If you're searching for Pharmacokinetics treatment in Miami, participating in a clinical research study may provide access to innovative approaches under expert medical supervision. This study is actively recruiting participants in Miami and surrounding areas.

Clinical trials offer participants the opportunity to receive cutting-edge treatments while contributing to medical research that may help future patients with Pharmacokinetics.

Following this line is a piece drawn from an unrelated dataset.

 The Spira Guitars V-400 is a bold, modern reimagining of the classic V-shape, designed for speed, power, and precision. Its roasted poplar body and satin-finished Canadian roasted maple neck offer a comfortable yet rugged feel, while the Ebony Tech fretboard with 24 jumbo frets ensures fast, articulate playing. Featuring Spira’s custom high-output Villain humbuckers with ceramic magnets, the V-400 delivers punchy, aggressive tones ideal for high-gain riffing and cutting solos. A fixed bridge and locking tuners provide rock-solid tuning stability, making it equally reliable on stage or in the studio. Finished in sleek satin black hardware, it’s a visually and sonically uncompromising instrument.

All study-related care is provided at no cost to participants.

Local Sites
1 locations in Florida
Now Enrolling
Up to 54 participants
Quick Start
Screening available now

Why Consider a Clinical Trial for Pharmacokinetics?

Potential Benefits

  • Access to new treatment approaches before public availability
  • Close monitoring by experienced medical professionals
  • Study-related care provided at no cost
  • Contribute to medical research for Pharmacokinetics

What to Expect

  • Initial screening to determine eligibility
  • Regular check-ups and monitoring visits
  • Possible compensation for time and travel
  • You can withdraw at any time

Frequently Asked Questions About This Pharmacokinetics Study

Important Clinical Trial Information

This information is provided for educational purposes and does not constitute medical advice. Clinical trial participation involves potential risks and benefits. Eligibility requirements apply and will be assessed during the screening process.

Study identifier: NCT06500793. For complete study details, visit ClinicalTrials.gov. Always consult with your healthcare provider before making decisions about your medical care or participating in clinical research.